The Twentieth Century Society

Campaigning for outstanding buildings

Photo: Anna Gibb

The Patera System

A successful example of high-spec system building

The close relationship between a building and its context is something the Society often fights to protect. Most post-war architects took care to ensure that a new building referenced the character of the area and respected its neighbours. Equally, it’s rare to com e across a building designed to suit a broad range of sites and purposes that is also architecturally ambitious and refined. Great skill and attention to detail is required for a standardised design to look good, perform well, and sit comfortably in any location, so we were excited to hear about a rare example of a system designed to meet this demanding brief, particularly as it was the work of a renowned architect. The 1980s Patera system by Michael Hopkins was the most successful British example of architect-designed, high-spec system building.

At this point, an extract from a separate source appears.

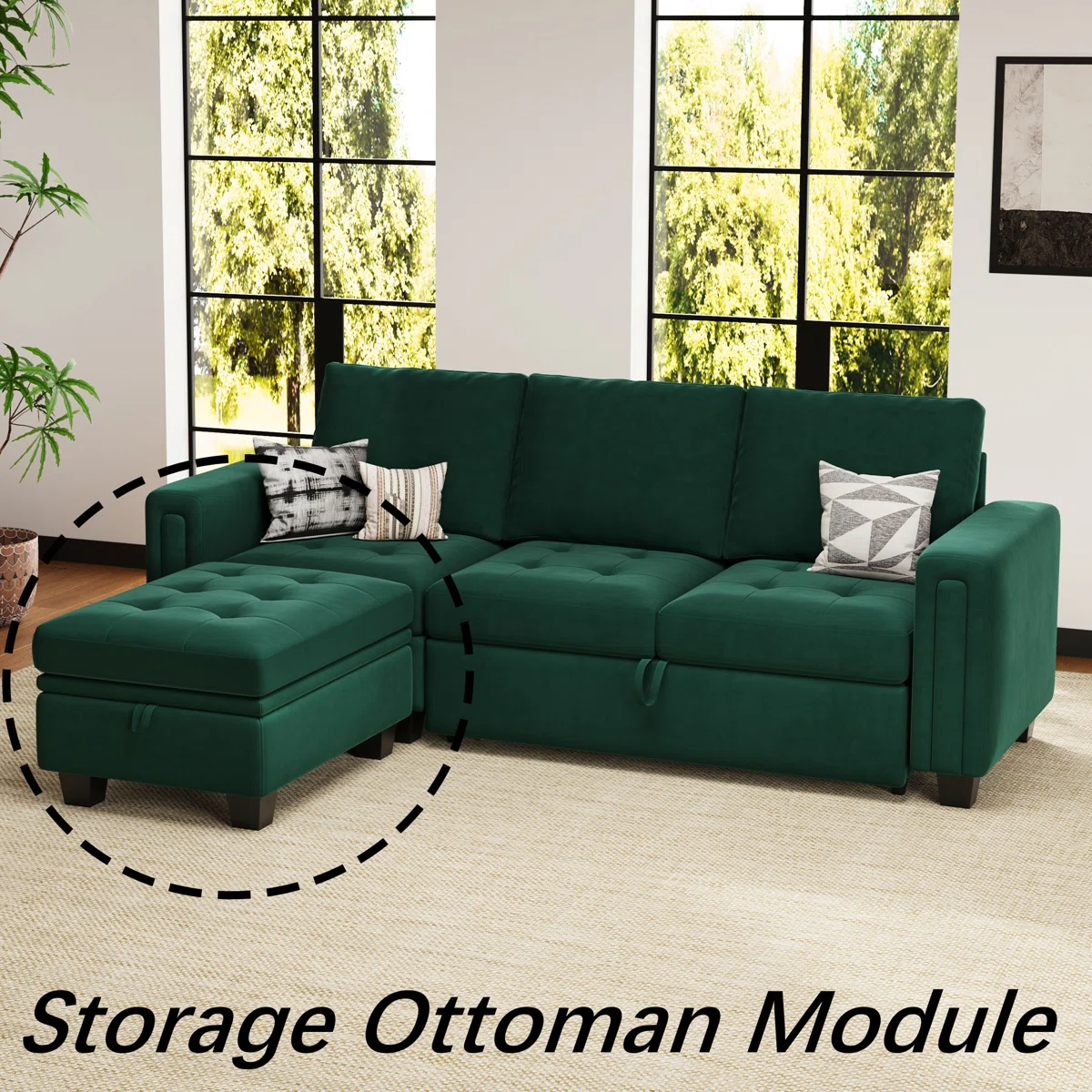 black velvet tufted storage ottoman, velvet tufted storage ottoman, tufted storage ottoman, green black velvet tufted storage, black velvet tufted storage |

In the post-war period several architects designed high-end pre-fabricated building systems, but none was as successful as hoped. Many tried combining pre-fabrication with low-tech construction methods to suit a discerning customer, aiming to create a hybrid of a Portakabin and the Case Study House by Charles and Ray Eames. Richard Rogers’ Zip-Up concept borrowed components from beyond architecture, such as bus windows, but was never developed into a standardised product, though it did inspire the Universal Oil Products Fragrance Factory in Surrey, and a house for Rogers’ parents in Wimbledon.

Hopkins’ Patera system was marketed as a new workplace solution , but its generous size and uninterrupted open plan offered a wide range of potential uses. One unit measured 18m by 12m and was 3.85m high. The walls and ceilings used the same panels, which could be interchanged with windows. The cladding panels came ready insulated and finished, and a building could be assembled on a concrete slab in ten days by a team of three people with a fork lift truck. The components were designed to break down to fit in a standard-sized lorry.

Only two Patera buildings are known to survive. One was moved from Barrow-in-Furness to serve as part of the Hopkins practice office in Marylebone . Today, it is hidden from the street behind a bigger Patera-inspired building with a higher than standard ceiling to accommodate a mezzanine. The other surviving example is currently located on a site in London’s Royal Docks which is set to be cleared for a residential development led by the Mayor of London. The site is located across the water from London City Airport’s runway, and is home to a range of small warehouses and light industrial units . The Patera building is owned by a marina and appears to be used for storage. Planning permission was sought by the marina owners to install the building in the 1990s, and its previous location is unknow n. It may have started life as one of two units used as public exhibition spaces by the London Docklands Development Corporation, or as one of several units installed by BT in the area.

We have submitted a listing application for the building, citing Hopkins’ success in finding a solution to a much-pursued brief, the rarity of surviving examples and the technical innovation of the design. Unusually, we have not mentioned the building’s setting and the history of the site as significant factors: there are no strong ties between the building and its location, and the lack of unique features makes it impossible to trace its past through photographs. We are realistic about the planned residential development, and are not calling for the building to remain on its current site. Patera buildings have been successfully moved in the past, and were designed with relocation in mind . Cases of listed buildings being moved maybe rare , but listed public artworks have recently been successfully relocated . We are confident that this Patera building could be listed and later find a new home.

The column-free open plan and exposed steel finish of the internal walls were perhaps too un-domestic for the system to be widely embraced for residential use in the 1980s (and the plans of one potential Patera dweller were thwarted by a disapproving local authority). Forty years later, popular taste in residential architecture has changed, and we would not be surprised to find people who would jump at the chance of ultra-open-plan, system-build living.